## Task item
Will you write out, word for word, every line from the one with "Bauart: Teleskopstapler /" to the final line of the data below, with the pictures left out?

--- Source material Enclosed Below ---

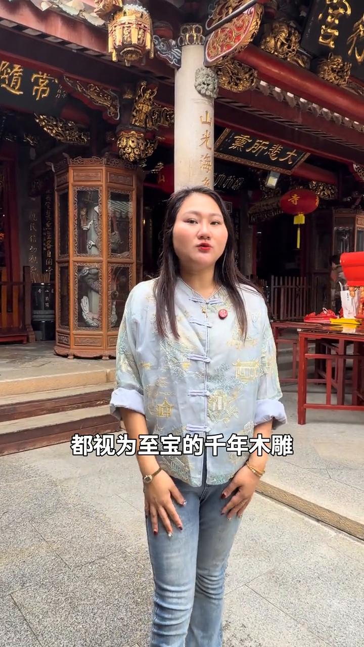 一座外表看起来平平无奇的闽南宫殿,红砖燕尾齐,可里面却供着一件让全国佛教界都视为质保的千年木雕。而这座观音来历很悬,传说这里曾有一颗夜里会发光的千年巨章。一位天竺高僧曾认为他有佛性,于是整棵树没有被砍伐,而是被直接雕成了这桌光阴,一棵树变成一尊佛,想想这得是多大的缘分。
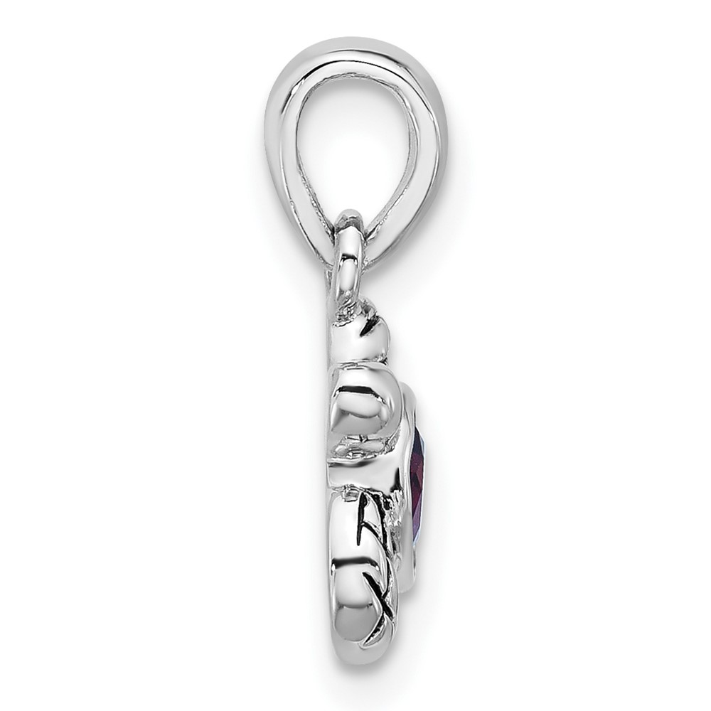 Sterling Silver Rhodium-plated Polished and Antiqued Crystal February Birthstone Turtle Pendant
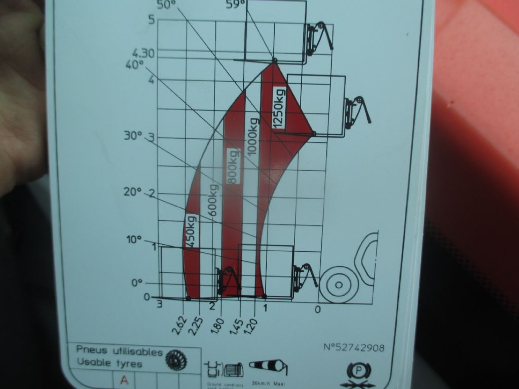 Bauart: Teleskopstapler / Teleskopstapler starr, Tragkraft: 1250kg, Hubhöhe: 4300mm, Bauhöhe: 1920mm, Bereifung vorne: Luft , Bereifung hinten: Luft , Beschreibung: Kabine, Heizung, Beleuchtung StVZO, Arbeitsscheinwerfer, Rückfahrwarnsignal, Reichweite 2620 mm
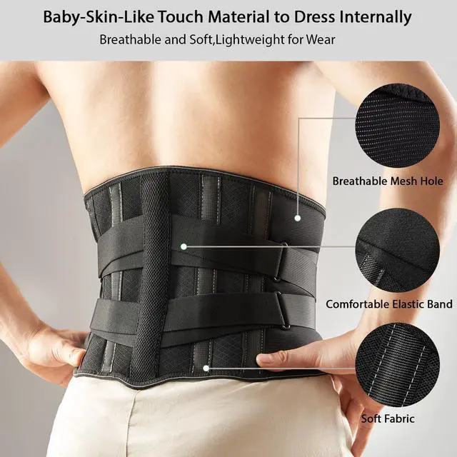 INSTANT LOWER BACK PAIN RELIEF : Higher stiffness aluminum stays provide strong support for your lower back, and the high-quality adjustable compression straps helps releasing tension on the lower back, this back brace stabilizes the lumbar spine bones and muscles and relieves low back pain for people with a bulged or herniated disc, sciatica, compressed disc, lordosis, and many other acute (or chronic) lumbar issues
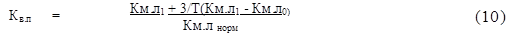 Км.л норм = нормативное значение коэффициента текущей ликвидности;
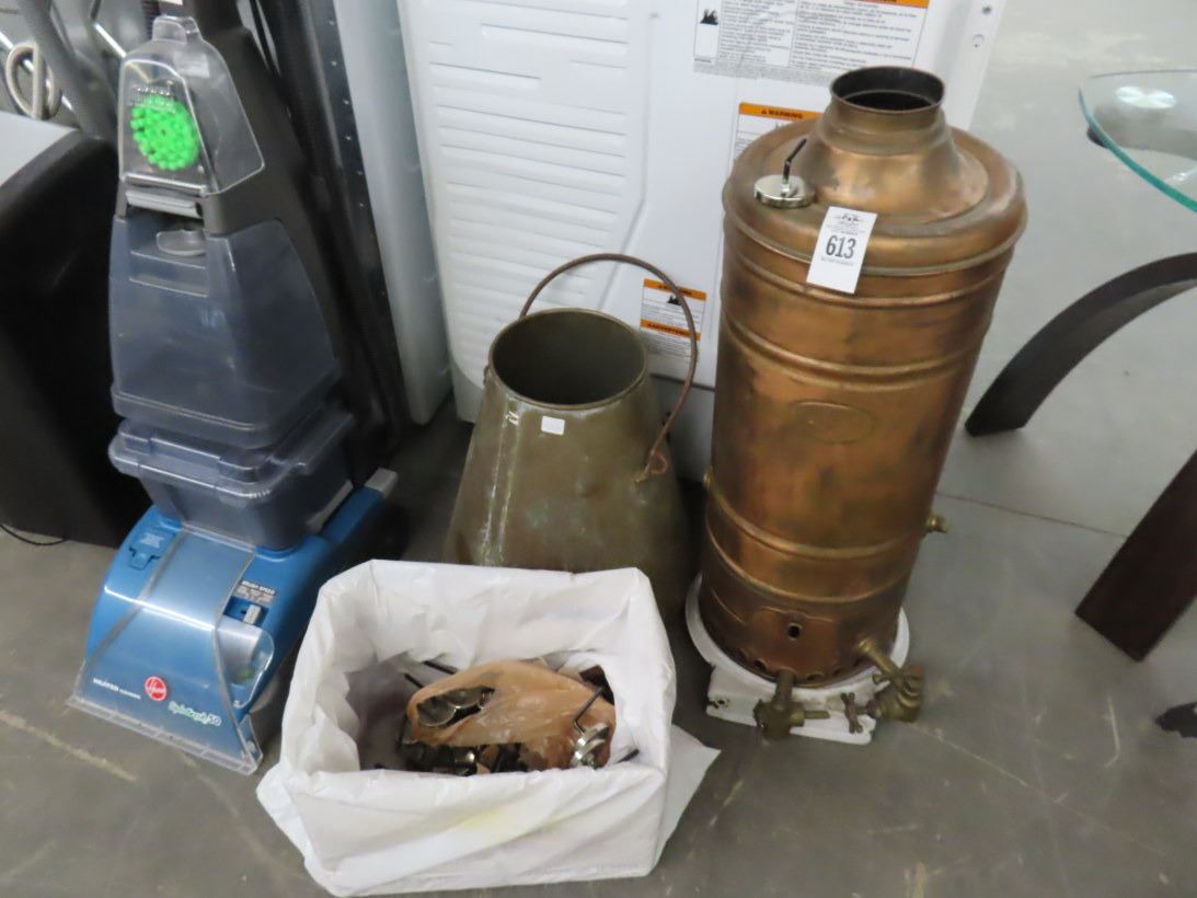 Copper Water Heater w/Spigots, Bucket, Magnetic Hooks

--- End of Enclosed Source material ---

## Answer to this problem
 Bauart: Teleskopstapler / Teleskopstapler starr, Tragkraft: 1250kg, Hubhöhe: 4300mm, Bauhöhe: 1920mm, Bereifung vorne: Luft , Bereifung hinten: Luft , Beschreibung: Kabine, Heizung, Beleuchtung StVZO, Arbeitsscheinwerfer, Rückfahrwarnsignal, Reichweite 2620 mm
 INSTANT LOWER BACK PAIN RELIEF : Higher stiffness aluminum stays provide strong support for your lower back, and the high-quality adjustable compression straps helps releasing tension on the lower back, this back brace stabilizes the lumbar spine bones and muscles and relieves low back pain for people with a bulged or herniated disc, sciatica, compressed disc, lordosis, and many other acute (or chronic) lumbar issues
 Км.л норм = нормативное значение коэффициента текущей ликвидности;
 Copper Water Heater w/Spigots, Bucket, Magnetic Hooks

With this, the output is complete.